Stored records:
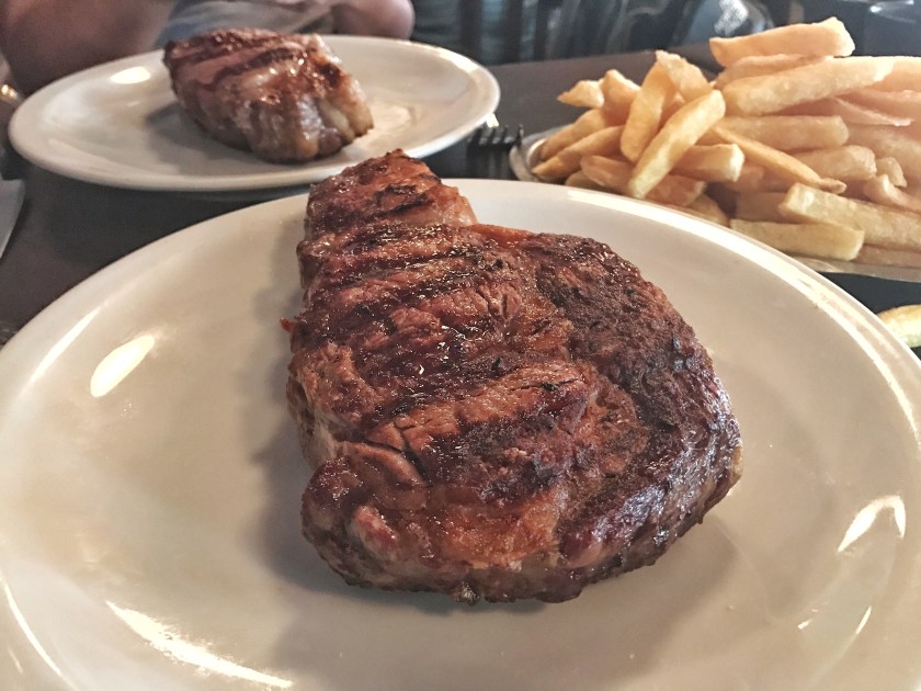 A few days later we had lunch at the aforementioned Don Julio. This place is popular with locals and is no longer a secret as the parrilla is getting more mentions in guidebooks, etc. Their menu isn’t as extensive as La Cabrera’s, focusing mostly on meats and sides. This time we both ordered the Bife de Chorizo. The steaks were excellent and cooked a perfect medium rare throughout. It was so good!!
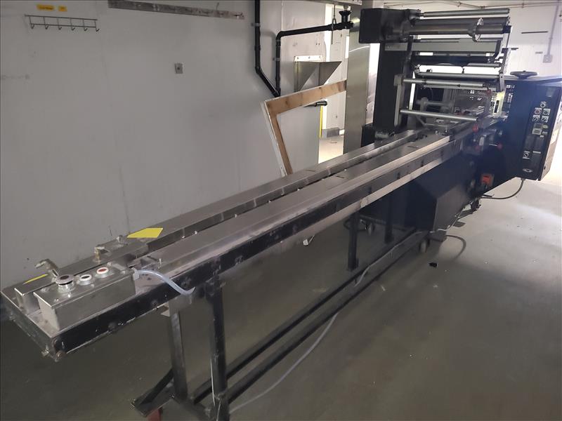 Doyboy Flow Wrapper, model Mustang IV, S/N.94-16333, 90 cpm speed, w/7 in. wide crimp seal jaws, 145 in. long lugged chain infeed conveyor
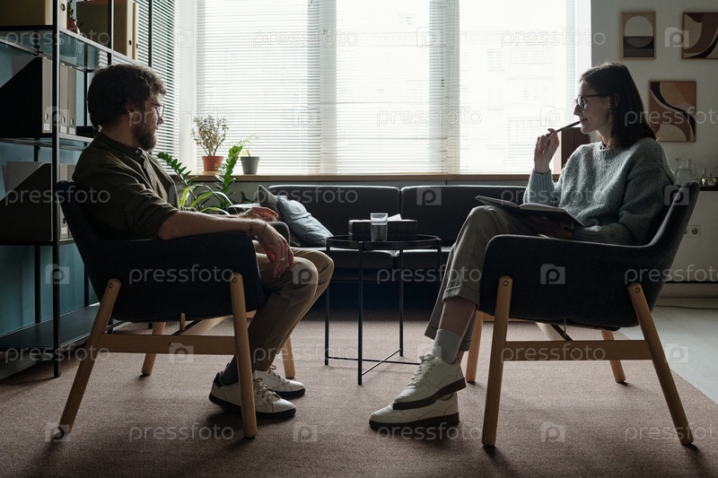 Молодая женщина проводит терапевтический сеанс с молодым человеком
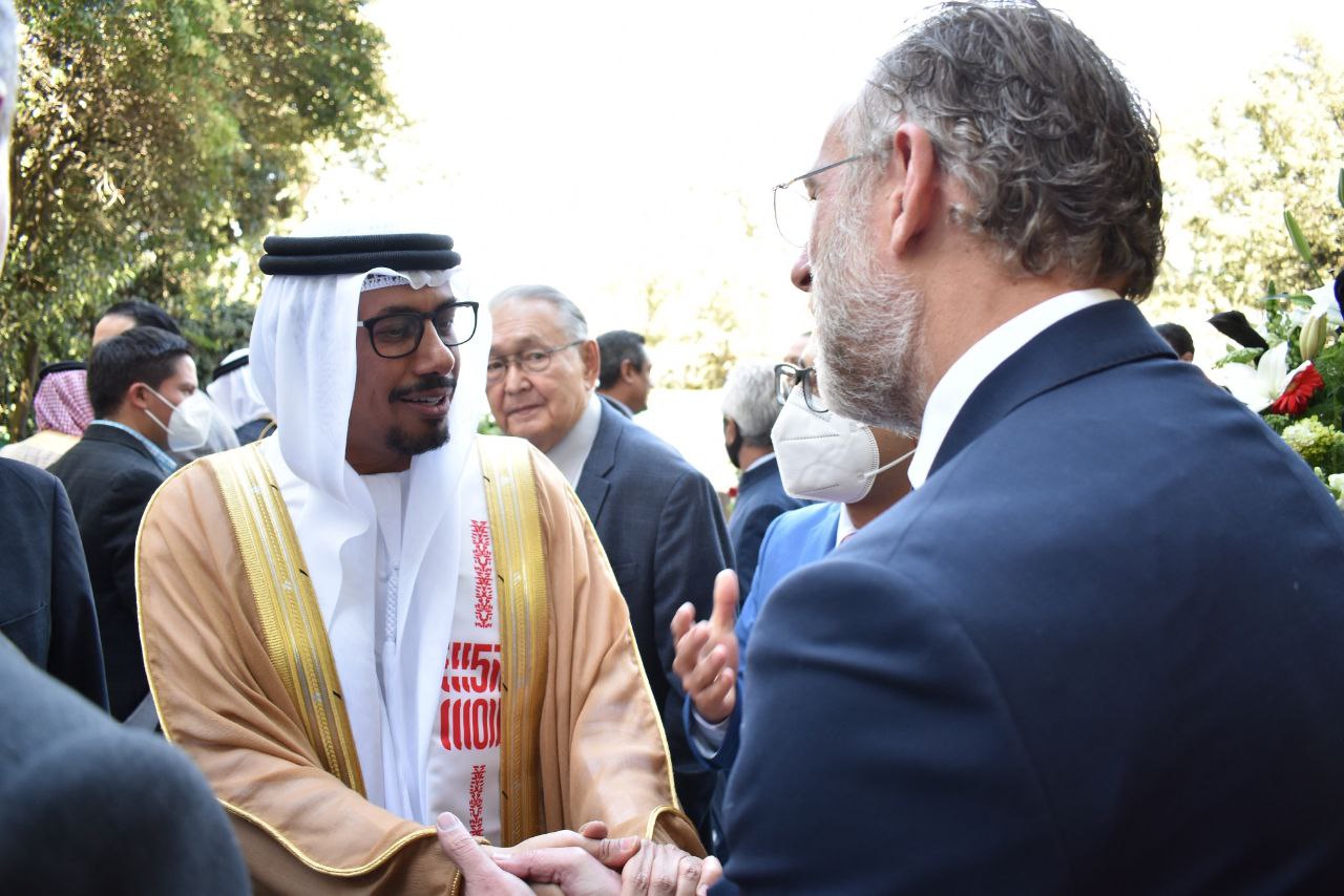 En representación del gobernador del estado, Mauricio Kuri González, el titular de la Secretaría de Desarrollo Sustentable, Marco Antonio Del Prete Tercero, participó en la ceremonia con motivo del 50 Día Nacional de los Emiratos Árabes Unidos, en este evento tuvo oportunidad de saludar al embajador de aquel país en México, Ahmed Hatem Bargash Almenhali.
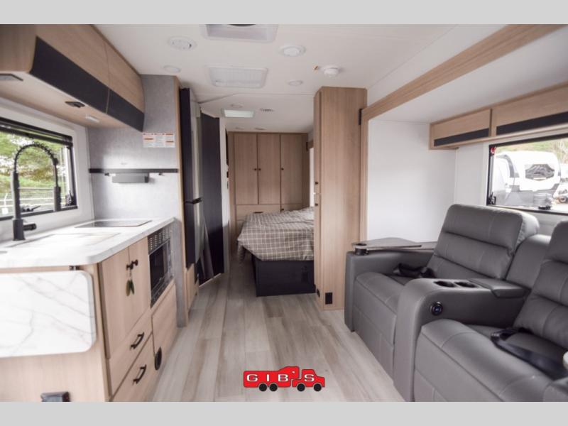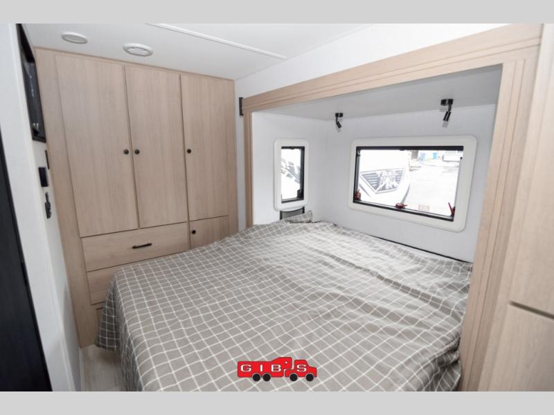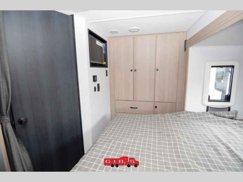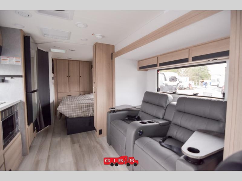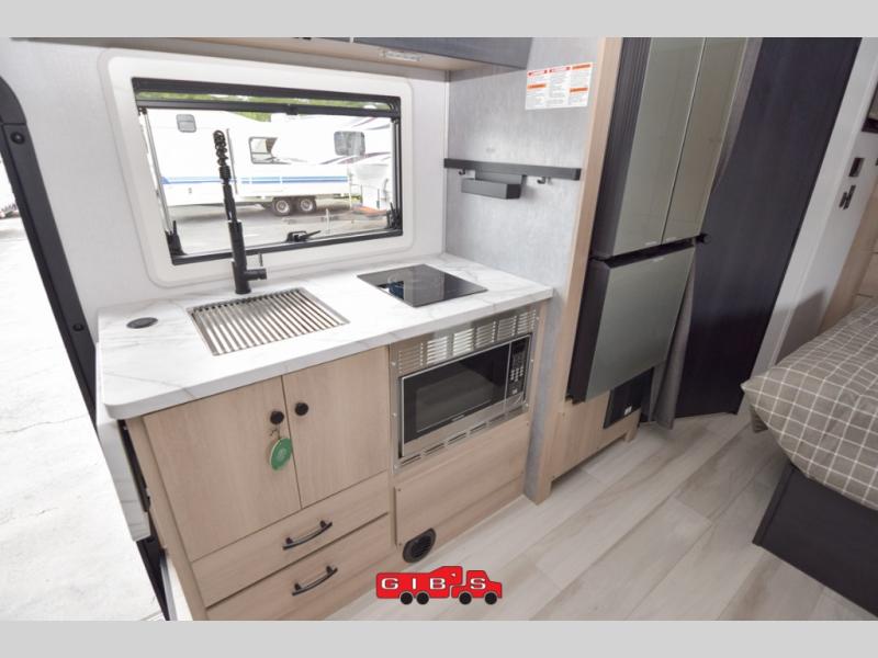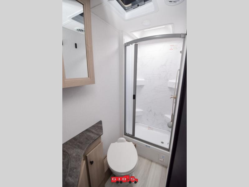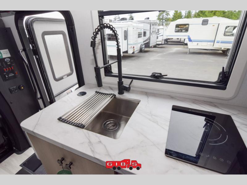 Everything you need is found in this cozy motorhome for five to six people. The swivel captain's seats can become a part of the living area once you park, and your guests can gather around the U-shaped dinette slide for game night. Your meals can be prepared each day on the induction cooktop with a convection microwave, and the flip-up counter will provide more prep space. There is also a 10.7 cu. ft. 12V refrigerator for food storage. The bedroom features a queen bed slide, 12V TV, plus a wardrobe to keep your clothes organized. A 60" x 80" cab-over bunk provides more sleeping space, or you can choose the optional Trekker cap with a built-in entertainment center!
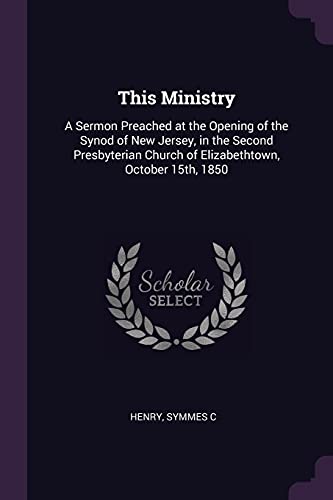 This Ministry: A Sermon Preached at the Opening of the Synod of New Jersey, in the Second Presbyterian Church of Elizabethtown, October 15th, 1850 full version
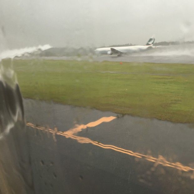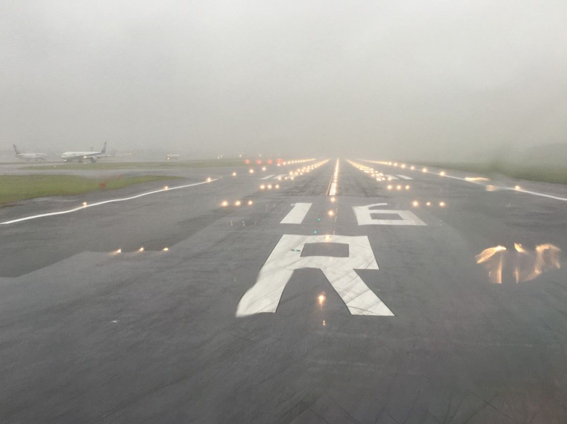 大雨の中ですが、定刻通り離陸できました。
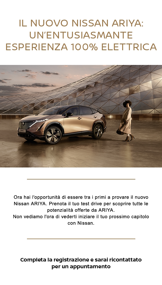 Concessionaria # Seleziona concessionario (AG) RN MOTORS Via Unita' di Italia snc AGRIGENTO (AL) - RESICAR Via Clemente 41 SPINETTA MARENGO (AN) - CONERO CAR Strada Statale 16 - KM. 309,600 CAMERANO (AP) - EMIL AUTOS Via della Liberazione, 110 SAN BENEDETTO DEL TRONTO (AR) - TOSONI AUTO Via Luigi Galvani, 14 AREZZO (AT) - ERREBI C.so Alessandria, 561 ASTI (AV) - AUTOMASTER Via Nazionale Torrette, 122 MERCOGLIANO (BA) - PICCA MOTORS S. S. 96 - KM 119, 500 MODUGNO (BG) - GRUPPO CARMELI Via Dalmine, 2 CURNO (BI) - AUTOVAR Via Galimberti Tancredi, 3 BIELLA (BL) - GIDALCAR Via Tiziano Vecellio, 14 BELLUNO (BO) - ALMA Via Emilia, 295 SAN LAZZARO DI SAVENA (BO) - ALMA Via Zanardi, 39 BOLOGNA (BO) - ALMA Via Selice, 185/A IMOLA (BR) - FIVE MOTORS Via Enrico Fermi, 5/D - Zona Industriale BRINDISI (BS) - GRUPPO CARMELI Via Diaz, 22 SAN ZENO NAVIGLIO (BS) - VICTORIA Via Vallecamonica, 2 BRESCIA (BT) - PICCA MOTORS Via Trani, 316 BARLETTA (CA) - DE CARROZ Via dei Carroz, 4 CAGLIARI (CB) - PASQUARELLI Via Arturo Giovannitti, 10 CAMPOBASSO (CE) - AUTOCASERTA S.S. Sannitica, 265 - Km 27+400 MARCIANISE (CH) - PASQUARELLI Via Piane S.Angelo, 202 S.SALVO (CN) - AUTO MATTIAUDA Via Torino, 381 CUNEO (CN) - ERREBI Corso Asti, angolo strada Porini snc ALBA (CO) - CLERICI AUTO Via Tentorio, 11 COMO (CO) - CLERICI AUTO Via Piemonte, 3 - Loc. Mirabello CANTU' (CR) - NINI CAR Via Degli Artigiani, 1/3 VAIANO CREMASCO (CR) - GRUPPO CARMELI Via Milano, 18 CREMONA (CS) - CHIAPPETTA MOTORI Via Roald Amundsen, 19 RENDE (CS) - CHIAPPETTA MOTORI C.so da Salice - S.S. 106 Bis CORIGLIANO CALABRO (CT) - COMER SUD Via Acquicella Porto CATANIA (CZ) - BENCIVENNI Viale Europa, Loc. Germaneto CATANZARO (FC) - DE STEFANI GROUP Via Thomas Alva Edison 20 FORLI (FC) - DE STEFANI GROUP Via Ravennate, 1550 CESENA (FE) - AUTO PO Via Traversagno, 49 FERRARA (FG) - PICCA MOTORS Via Napoli Km 1.700 FOGGIA (FI) - BRANDINI Viale dei Mille,142 FIRENZE (FI) - BRANDINI Via Arturo Chiari 9/13 FIRENZE (FI) - BROGI&COLLITORTI Via di Bronciana snc - Trav. Via Santi Loc. Terrafino EMPOLI (FR) - X-CAR Via Volsci, 75 FROSINONE (GE) - CARFIN Via Luigi Perini, 50 GENOVA (IM) - RIVIERAUTO GALVAGNO Via Argine Destro, 605 IMPERIA (LC) - NISCAR Via Spluga, 70 OLGINATE (LE) - FIVE MOTORS Strada Statale 16, 980 MELPIGNANO (LE) - FIVE MOTORS Viale Risorgimento, 10 LECCE (LI) - BROGI&COLLITORTI Via Firenze, 122 LIVORNO (LO) - NINI CAR S.S. 235 KM 30,400 PIEVE FISSIRAGA (LT) - AUTOCENTRO CARRERA Strada Isonzo 267 LATINA (LU) - CFL Via di Vicopelago, 162/174 PONTETETTO (MB) - RENORD Viale Sicilia, 100 MONZA (MC) - CIMINI Via Roma, 274 MONTECOSARO (ME) - TEAM MOTORS Via Giuseppe Franza 18 MESSINA (MI) - NINI CAR Via Achille Grandi 31 PESCHIERA BORROMEO (MI) - RENORD Via F. Clerici, 6 SESTO SAN GIOVANNI (MI) - RENORD Via dei Missaglia, 75 MILANO (MI) - RICCARDI AUTO Via Boffalora, 75/77 MAGENTA (MI) - RENORD Viale Certosa, 144 MILANO (MN) - GRUPPO FERRARI Strada Marmirolo, 5 PORTO MANTOVANO (MO) - PELLONI Via Nonantolana, 980 MODENA (MO) - PELLONI Via Vasco De Gama, 22/24 CARPI (MO) - PELLONI Via Mazzini, 337-339 SASSUOLO (MT) - PICCA MOTORS Via Enzo Ferrari MATERA (NA) - CENTER Via Antiniana, 36 POZZUOLI (NA) - CENTER Via Nazionale delle Puglie, 245 CASORIA (NO) - RESICAR Via Borgomanero, 10/A PARUZZARO (NO) - RESICAR Via per Novara, 141 CAMERI (NU) - MEREU AUTO Via Devoto - Zona Industriale Pratosardo NUORO (PA) - COMER SUD Via Tasca Lanza, 104 PALERMO (PC) - RENORD Via Emilia Pavese, 215 PIACENZA (PD) - CAMPELLO Via Venezia, 100 PADOVA (PD) - CECCATO AUTOMOBILI via Leonino da Zara, 3 ALBIGNASEGO (PE) - ORIENTE Via Mare Jonio, 3 SPOLTORE (PG) - STAR CAR Via Guido Rossa, 4 PERUGIA (PI) - BROGI&COLLITORTI Via Sterpulino, 20 PISA (PN) - SINA Viale Venezia, 73 PORDENONE (PO) - LENZI AUTOMOBILI Via Montegrappa, 341-353 PRATO (PR) - AUTO&AUTO2 Via Emilia Ovest, 47/A PARMA (PT) - BROGI&COLLITORTI Via Ugo Foscolo, 16 PISTOIA (PU) - DIBA Via Paganini snc PESARO (PV) - RENORD Via Turati, 13 SAN MARTINO SICCOMARIO (PV) - RICCARDI AUTO Via Giovanni Profili, 21 VIGEVANO (RA) - DE STEFANI GROUP Via Faentina, 173 RAVENNA (RE) - AUTO&AUTO2 Via Beniamino Disraeli, 2/20 REGGIO EMILIA (RI) - PACIAUTOQUATTRO Via E. Greco snc RIETI (RM) - AUTOGIAPPONESE Via di Settebagni, 702 ROMA (RM) - AUTOGIAPPONESE Via F. Denza, 54/68 ROMA (RM) - AUTOGIAPPONESE Via della Maglianella 255 ROMA (RM) - MIRAUTO Via di Tor Cervara, 36 ROMA (RM) - MIRAUTO Via di Torre Spaccata, 111 ROMA (RM) - MIRAUTO Via Appia Km 17.400 CIAMPINO (RM) - MIRAUTO Via Pontina, 587 ROMA (RM) - REGIE AUTO Viale della Vittoria, 16 CIVITAVECCHIA (RN) - DI.BA. Via Flaminia, 235 RIMINI (SA) - CENTER Via Nazionale delle Calabrie, 14 SALERNO (SI) - TOSONI AUTO Viale Etruria, 41/43 SARTEANO (SI) - TOSONI AUTO Viale Mengozzi, 3/A - Zona Industriale Isola d'Arbia SIENA (SO) - L'AUTO Via Statale, 5 COSIO VALTELLINO (SR) - C.C.C. COMMERCIAL CAR COMPANY Via Necropoli Del Fusco, snc SIRACUSA (SS) - MEREU AUTO Via Mincio, 26 OLBIA (SS) - MEREU AUTO Zona Industriale Predda Niedda Str. 16 N. 8 SASSARI (SV) - RIVIERAUTO GALVAGNO Via Aurelia, 220 VADO LIGURE (TA) - FIVE MOTORS Viale Unita' d'Italia, 601 TARANTO (TE) - ORIENTE Via Vespucci - Km 82,32 - Loc. Pian Di Accio TERAMO (TN) - CECCATO AUTOMOBILI Via Spini, 4 TRENTO (TN) - ROTALNORD AUTO SS 12 del Brennero - Km 400 CADINO DI FAEDO (TO) - NISSAUTO Via Cigna, 116 TORINO (TO) - NISSAUTO Corso Marche, 32 TORINO (TO) - NISSAUTO Via degli Alpini, 2/A CHIVASSO (TO) - NISSAUTO Corso E. Tazzoli, 201 TORINO (TP) - ESSEPI AUTO Via Carlo Messina, Zona Industriale TRAPANI (TR) - PACIAUTOQUATTRO Via Bruno Capponi, 25 TERNI (TS) - AUTONORD FIORETTO Strada delle Saline, 2 MUGGIA (TV) - BORSOI Via Fabrizio Ing. Plinio, 5 - Zona Industriale ODERZO (TV) - BORSOI Via Castellana, 39 TREVISO (TV) - GIDALCAR Via Palladio 3 SAN FIOR (TV) - SCALCAUTO GROUP Via Circonvallazione Est, 8 CASTELFRANCO VENETO (UD) - AUTONORD FIORETTO Via Nazionale, 29 REANA DEL ROJALE (UK) - UK NISSAN LTD Thames Rd., 343 SILVERTON (
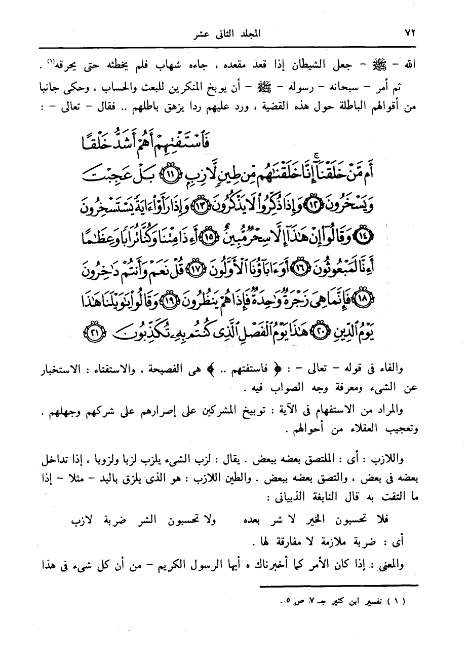 فَاسْتَفْتِهِمْ أَهُمْ أَشَدُّ خَلْقاً أَمْ مَنْ خَلَقْنا إِنَّا خَلَقْناهُمْ مِنْ طِينٍ لازِبٍ (11) بَلْ عَجِبْتَ وَيَسْخَرُونَ (12) وَإِذا ذُكِّرُوا لا يَذْكُرُونَ (13) وَإِذا رَأَوْا آيَةً يَسْتَسْخِرُونَ (14) وَقالُوا إِنْ هذا إِلاَّ سِحْرٌ مُبِينٌ (15)
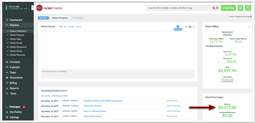 - Total amount in trust: This amount reflects the total amount of money being held in the trust account for this Client, regardless of how many Matters they have.
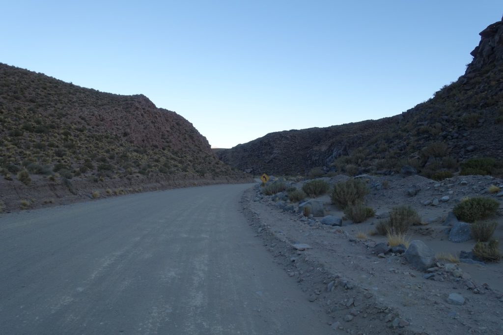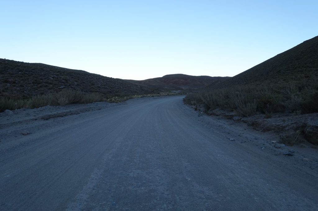 La descente est rapide au début, le soleil se couche. Nous passons une petite remontée puis c’est de la pente douce. Une voiture qui nous double nous dit de bien rouler à droite. Nous aimerions bien mais nous faisons comme nous pouvons… Nous passons là où la route est la meilleure !
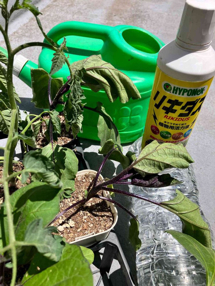 午前中、ベランダを見たら🍆🍅がヒエェー😱
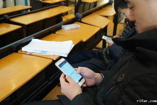 赛前学生正通过手机进行理论题模拟测试理论题训练

Directions for this task:
Start with the line above containing "En representación del" and end with the line containing "大雨の中ですが、定刻通り離陸できました。". Set down that stretch exactly, without any pictures.

Written response:
 En representación del gobernador del estado, Mauricio Kuri González, el titular de la Secretaría de Desarrollo Sustentable, Marco Antonio Del Prete Tercero, participó en la ceremonia con motivo del 50 Día Nacional de los Emiratos Árabes Unidos, en este evento tuvo oportunidad de saludar al embajador de aquel país en México, Ahmed Hatem Bargash Almenhali.
 Everything you need is found in this cozy motorhome for five to six people. The swivel captain's seats can become a part of the living area once you park, and your guests can gather around the U-shaped dinette slide for game night. Your meals can be prepared each day on the induction cooktop with a convection microwave, and the flip-up counter will provide more prep space. There is also a 10.7 cu. ft. 12V refrigerator for food storage. The bedroom features a queen bed slide, 12V TV, plus a wardrobe to keep your clothes organized. A 60" x 80" cab-over bunk provides more sleeping space, or you can choose the optional Trekker cap with a built-in entertainment center!
 This Ministry: A Sermon Preached at the Opening of the Synod of New Jersey, in the Second Presbyterian Church of Elizabethtown, October 15th, 1850 full version
 大雨の中ですが、定刻通り離陸できました。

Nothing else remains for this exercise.